The traces that your application picks up can provide a lot of insight into how your users are interacting with your service.  However, as interactions grow, manually reviewing this data can become cumbersome.  Intent classification can help you automate labeling and make sense of the trace data.  By accurately identifying intents, you can create labels that help you manage and analyze traces.  This notebook will help you build a basic intent classification pipeline.
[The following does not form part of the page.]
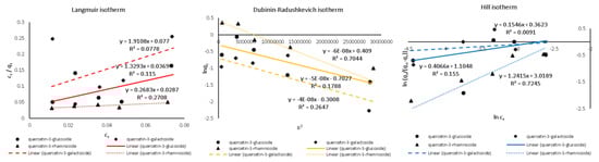 Langmuir, Dubinin-Radushkevich and Hill isotherms of quercetin derivatives adsorption onto β-glucan obtained with linear regression.

By the end of this notebook, you'll have a basic pipeline that will:
1. extract trace data from one of your Langfuse projects
2. train an intent classification model
3. predict the intent of traces
4. upload predicted intent results back to Langfuse

## Setup

You will need an .env file with the following variables for your Langfuse project.
```
LANGFUSE_SECRET_KEY=
LANGFUSE_PUBLIC_KEY=
LANGFUSE_HOST=
```

In [1]:
# Install LangFuse
%pip install --quiet langfuse

Note: you may need to restart the kernel to use updated packages.


In [2]:
# Install Notebook dependencies
%pip install --quiet ipywidgets

Note: you may need to restart the kernel to use updated packages.


In [3]:
# Install dependencies for making a model
%pip install --quiet pandas scikit-learn sentence-transformers torch transformers

Note: you may need to restart the kernel to use updated packages.


In [4]:
# Install python-dotenv to read in secrets
%pip install --quiet python-dotenv

Note: you may need to restart the kernel to use updated packages.


In [5]:
from dotenv import load_dotenv
load_dotenv()

True

## Retrieve LangFuse traces

In [6]:
import os
from langfuse import Langfuse

In [7]:
langfuse = Langfuse(
    secret_key=os.environ.get("LANGFUSE_SECRET_KEY"),
    public_key=os.environ.get("LANGFUSE_PUBLIC_KEY"),
    host=os.environ.get("LANGFUSE_HOST")
)

### Create dummy trace data
If your project is empty, you can run the next two cells to create some simple dummy trace data to use for this notebook.  The remainder of this notebook expects a trace with a "message" key in the input.  You may need to adjust the notebook to your trace data's structure if you use data with another structure.

In [8]:
sample_utterances = [
    "Hello again",
    "Can you do anything else?",
    "Could you recommend a good book?",
    "I'd like to watch a drama",
]

In [9]:
# Create dummy traces
for utterance in sample_utterances:
    input = {
        "message": utterance
    }
    langfuse.trace(
        input=input
    )

### Fetch data from your project

In [10]:
traces = langfuse.fetch_traces()
traces

FetchTracesResponse(data=[TraceWithDetails(id='71b8c019-1d66-4739-a158-4bc87cb3010e', timestamp=datetime.datetime(2024, 10, 4, 14, 36, 14, 697000, tzinfo=datetime.timezone.utc), name=None, input={'message': 'Can you do anything else?'}, output=None, session_id=None, release=None, version=None, user_id=None, metadata=None, tags=[], public=False, html_path='/project/cm1s2r3d600hwlpo4x0iqsweb/traces/71b8c019-1d66-4739-a158-4bc87cb3010e', latency=0.0, total_cost=0.0, observations=[], scores=[], externalId=None, updatedAt='2024-10-04T14:36:15.648Z', createdAt='2024-10-04T14:36:15.648Z', bookmarked=False, projectId='cm1s2r3d600hwlpo4x0iqsweb'), TraceWithDetails(id='a7fec83b-017d-4651-85d5-09d5d4d31310', timestamp=datetime.datetime(2024, 10, 4, 14, 36, 14, 697000, tzinfo=datetime.timezone.utc), name=None, input={'message': 'Hello again'}, output=None, session_id=None, release=None, version=None, user_id=None, metadata=None, tags=[], public=False, html_path='/project/cm1s2r3d600hwlpo4x0iqsweb/

In [11]:
traces_list = []
for trace in traces.data:
    trace_info = [trace.id, trace.input["message"]]
    traces_list.append(trace_info)

In [12]:
import pandas as pd
traces_df = pd.DataFrame(traces_list, columns=["trace_id", "message"])
traces_df

Unnamed: 0,trace_id,message
0,71b8c019-1d66-4739-a158-4bc87cb3010e,Can you do anything else?
1,a7fec83b-017d-4651-85d5-09d5d4d31310,Hello again
2,2a6d3c59-0d76-48f0-aa8e-8701ea799055,I'd like to watch a drama
3,8ed0efea-051f-46e3-8f28-ce1df572faa8,Could you recommend a good book?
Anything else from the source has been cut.